MetaDefender core V4.x includes the option to block or allow files by creating a BLACKLIST or WHITELIST.
The user can select files to be blocked or allowed based on:
File type group
The documentation is here https://onlinehelp.opswat.com/corev4/3.6.2._Analysis_workflow_configuration.html
The conventional usage of this feature would be, to create a list of files to be blocked or allowed, by any of the three selectors mentioned above (filetype groups, mime-types, file names) or a combination of them.
Using filetype groups VS. MIME-types VS file extensions
When possible, It is better to use Filetype groups over MIME types, and MIME types over File names.
It is shorter to define, leaves less space for human error and can also leverage OPSWAT's file detection mechanism, so that even if an imposter file has the extension .doc but in reality it is a .exe it will be treated as .exe
Using Regular Expressions
The rules we create can consist of literal strings but can also include wild cards in the form of Regular Expressions.
For example if we use the string : ^.*\.docx$ in the "Blacklist by file names", it will test as True for all files who's name is terminating with docx.

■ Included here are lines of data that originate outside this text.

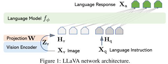 - Vision Encoder는 입력 이미지 $X_\mathbf v$ 를 피쳐 $\mathbf Z_\mathbf v$ 로 변환하고, 간단한 선형 레이어 $\mathbf W$ 를 통해 텍스트 임베딩과 같은 차원을 가진 $\mathbf H_\mathbf v$ 로 만든다.
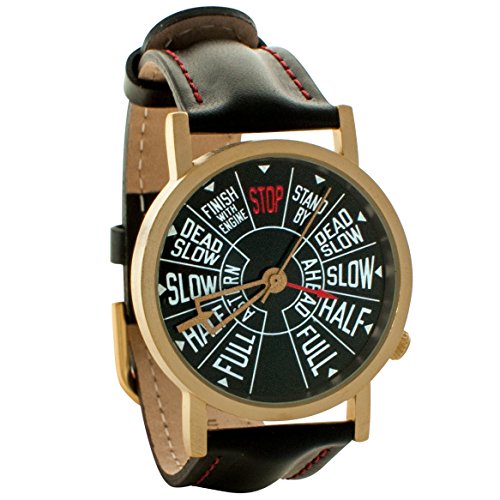 -. Feature : Full speed ahead. This watch displays a beautiful reproduction of an Engine Order Telegraph. The E. O. T. is used by the pilot on the bridge to order the engineers to power the ship. Great for any nautical enthusiast. Japanese quartz movement. / FEATURES - A 33mm diameter face, vegan immitation leather band, and accurate Japanese quartz movement. The watch is water resistant (not water proof), and truly a delight. Battery included. / COMES IN TIN GIFT BOX - Our watches make a great present for the intellectual or philosophical person in your life who just wants to keep accurate time. They come boxed in a beautiful tin that doubles as a display case for when you're being futuristic and keeping time on your phone. / ONE YEAR WARRANTY - This attractive timepiece has a 1 year manufacturer warranty. If you purchase from The Unemployed Philosophers Guild, and experience any issues, please contact us and we'll send a replacement. / FROM THE UNEMPLOYED PHILOSOPHERS GUILD - Don't worry. We are employed, just not as philosophers. We're a small, Brooklyn based company specializing in gifts for the sophisticated gift giver. For whatever you need, we have presents of mind.
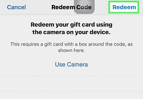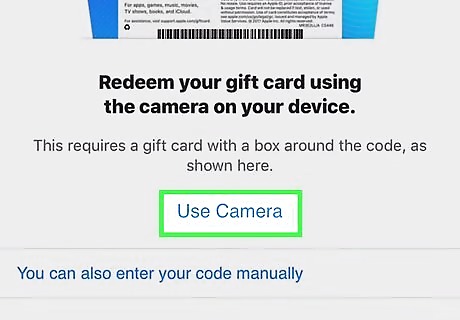 Tap Use Camera. It's near the middle of the screen. This opens your camera screen, which allows you to quickly capture the redemption code without typing it. In most regions, you should be able to scan the code with your iPhone or iPad's camera as long as there's a black box surrounding the 16-digit redemption code. If you can't use your camera to scan the card, tap You can also enter your code manually, and then type the 16-digit code (including the X) into the blank.
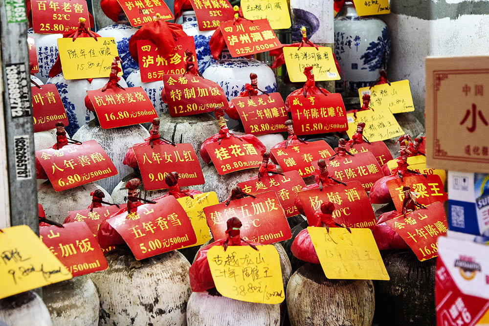 2019年4月12日,上海物价CPI环比上涨,但菜市场的蔬菜价格、猪肉价格上涨幅度不大,市民很坦然能够接受。图为黄酒店内的各种料酒。

Each file processed by MetaDefender core will be tested against the rules defined in the blacklist.
As soon as any of the rules tests as True the file will be blocked.
Sometimes the business rule is something like "Block all files except...".
Such a scenario is accommodated in the system by the usage of Regular Expressions.
In Regular Expression we can create an expression that will test as True when a certain string is NOT found (known as Negative Look Ahead)
For example if we use the string: ^.*\.((?!docx$).)*$ in the "Blacklist by file names", it will test as True for files who's names do NOT terminate with docx.
* To make the above Regular Expression case insensitive we can use: ^.*\.((?![dD][oO][cC][xX]$).)*$
In many cases we will need to allow more than one file type.
For example if we use the string: ^.*\.((?!docx$)(?!xls$).)*$ in the "Blacklist by file names", it will test as True for files who's names do NOT terminate with either docx or xls.
The Negative Look Ahead block (?!XYZ$) can be repeated as many times as required.
In the example given above "Block all files except docx" there is a hidden problem.
.docx files are actually archive files, containing other files (such as xml, gif, jpeg etc...)
This means that if the business rule is block everything except docx it most likely means block everything except docx and all the files it contains.
Note: You can use a tool such as https://regex101.com/ to create and test your regular expressions.
This article applies to MetaDefender Core v4 Windows
This article was last updated on 2019-09-05